- _Task prompt_
Pictures should be left out while the data beneath this task is written out word for word.

Given data START

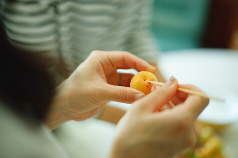 竹串を使ってヘタをくり抜き、エキスが出るように実をチクチク刺す。
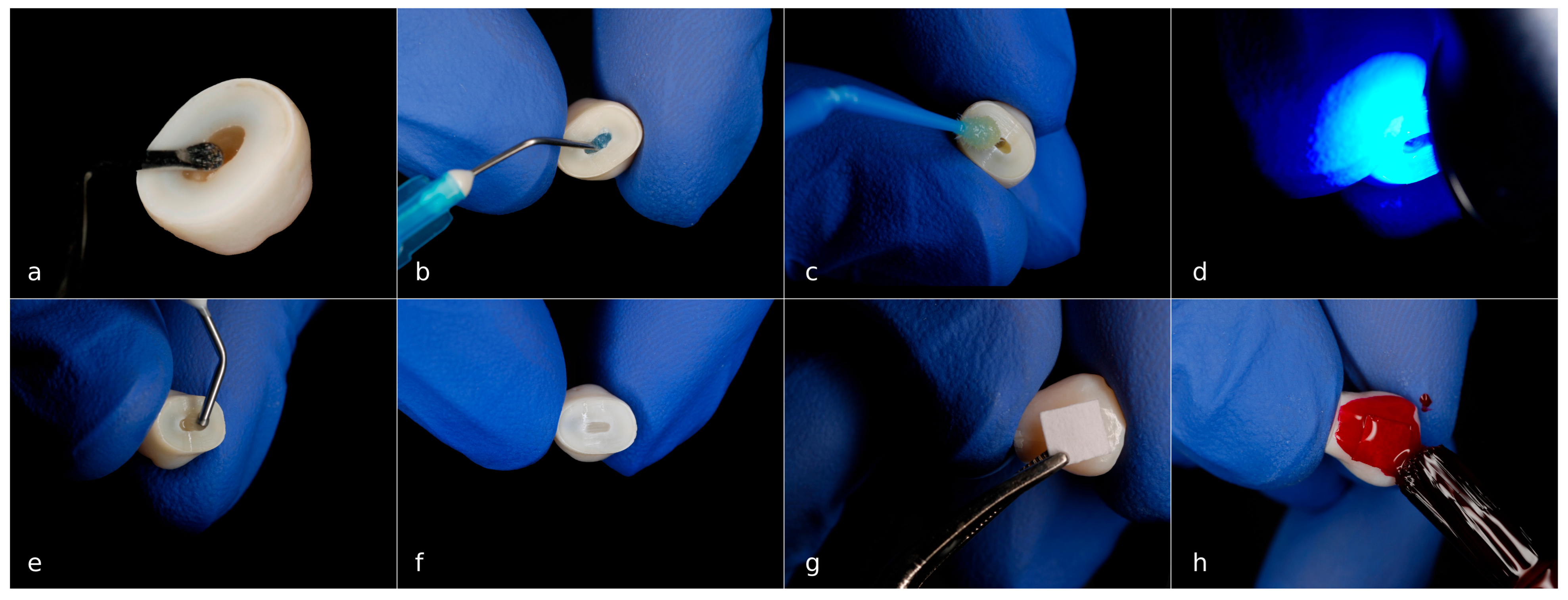 - Toledano, M.; Osorio, R.; Osorio, E.; Prati, C.; Carvalho, R.M. Microhardness of acid-treated and resin infiltrated human dentine. J. Dent. 2005, 33, 349–354. [Google Scholar] [CrossRef]
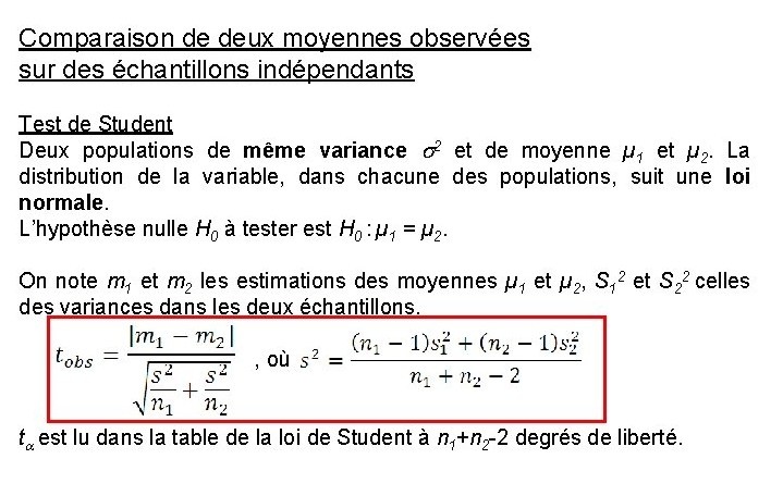 Si on suppose l'égalité des variances des populations alors on procède comme suit:
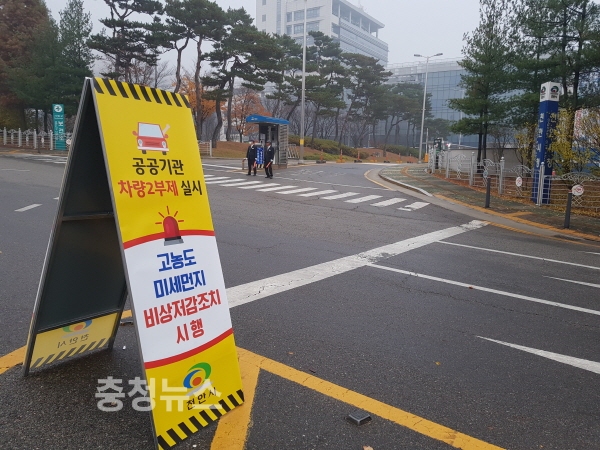 천안시는 이번 비상저감조치 발령에 따라 7일 천안시청 및 산하기관의 관용차 및 직원차량을 대상으로 차량 2부제를 시행하고 있다.
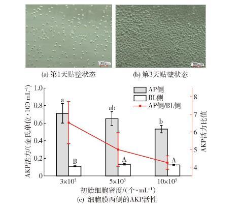 Caco-2細胞培養狀態及培養21 d后的堿性磷酸酶活性見圖10。由圖10(a)、(b)可以發現,培養3 d過程中,單層Caco-2細胞生長穩定并均勻分布在Transwell上,貼壁情況良好。堿性磷酸酶AKP是小腸刷狀緣細胞的標志酶,其濃度代表了單層Caco-2細胞的極化和功能。觀察圖10(c)可知,培養21 d后,不同接種細胞密度在AP側的酶活性均高于BL側的酶活性,屬正常的細胞極化結果。初始密度為3×105個/mL的細胞AP側的AKP活性高于其他兩組,其BL側的AKP活性低于其他兩組,證明該組細胞分化情況較好。隨著細胞密度的增大,AP側與BP側活力的比值呈下降趨勢,說明初始細胞密度過大不利于細胞的分化。實驗結果表明,3種模型細胞均生長良好。
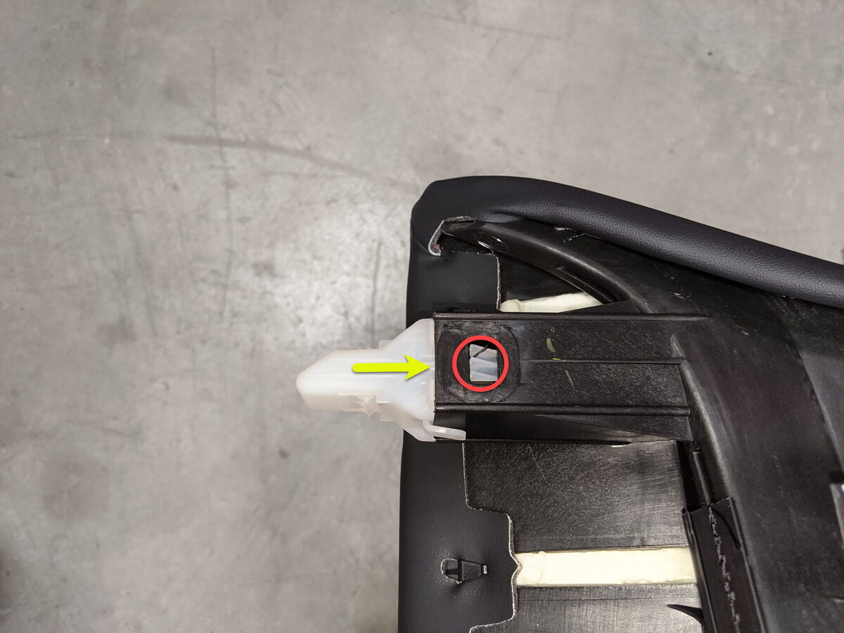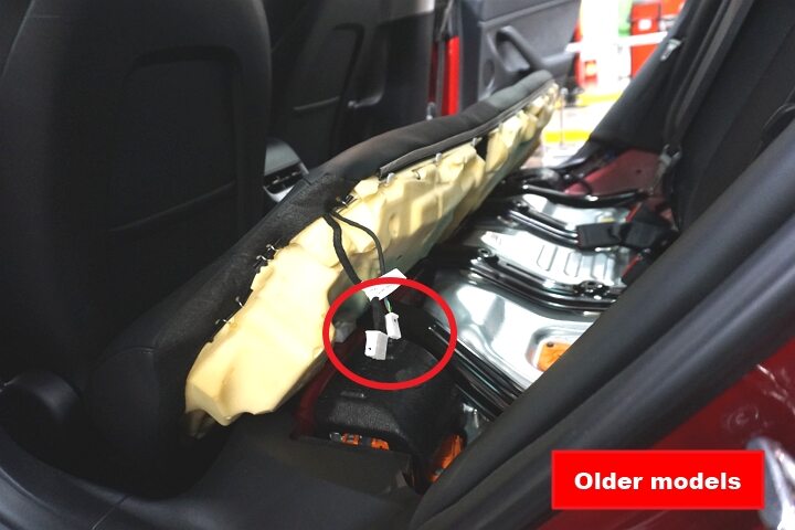 Note2x tabs, 2x connectors, Slide locking tabs to left of vehicle while lifting up seat bench. Newer models have connectors on both sides of bench, Older models have 2x connectors on one side of bench
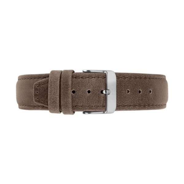 This model uses a stainless steel case with white dial on a brown stitched leather strap. The date window shows the day of the week and date.
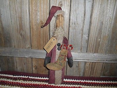 Title (ebay affiliate link): Primitive Christmas Grungy Santa Doll with Quilt Stocking and Candy Canes

Given data END

- _Response area_
 竹串を使ってヘタをくり抜き、エキスが出るように実をチクチク刺す。
 - Toledano, M.; Osorio, R.; Osorio, E.; Prati, C.; Carvalho, R.M. Microhardness of acid-treated and resin infiltrated human dentine. J. Dent. 2005, 33, 349–354. [Google Scholar] [CrossRef]
 Si on suppose l'égalité des variances des populations alors on procède comme suit:
 천안시는 이번 비상저감조치 발령에 따라 7일 천안시청 및 산하기관의 관용차 및 직원차량을 대상으로 차량 2부제를 시행하고 있다.
 Caco-2細胞培養狀態及培養21 d后的堿性磷酸酶活性見圖10。由圖10(a)、(b)可以發現,培養3 d過程中,單層Caco-2細胞生長穩定并均勻分布在Transwell上,貼壁情況良好。堿性磷酸酶AKP是小腸刷狀緣細胞的標志酶,其濃度代表了單層Caco-2細胞的極化和功能。觀察圖10(c)可知,培養21 d后,不同接種細胞密度在AP側的酶活性均高于BL側的酶活性,屬正常的細胞極化結果。初始密度為3×105個/mL的細胞AP側的AKP活性高于其他兩組,其BL側的AKP活性低于其他兩組,證明該組細胞分化情況較好。隨著細胞密度的增大,AP側與BP側活力的比值呈下降趨勢,說明初始細胞密度過大不利于細胞的分化。實驗結果表明,3種模型細胞均生長良好。
 Note2x tabs, 2x connectors, Slide locking tabs to left of vehicle while lifting up seat bench. Newer models have connectors on both sides of bench, Older models have 2x connectors on one side of bench
 This model uses a stainless steel case with white dial on a brown stitched leather strap. The date window shows the day of the week and date.
 Title (ebay affiliate link): Primitive Christmas Grungy Santa Doll with Quilt Stocking and Candy Canes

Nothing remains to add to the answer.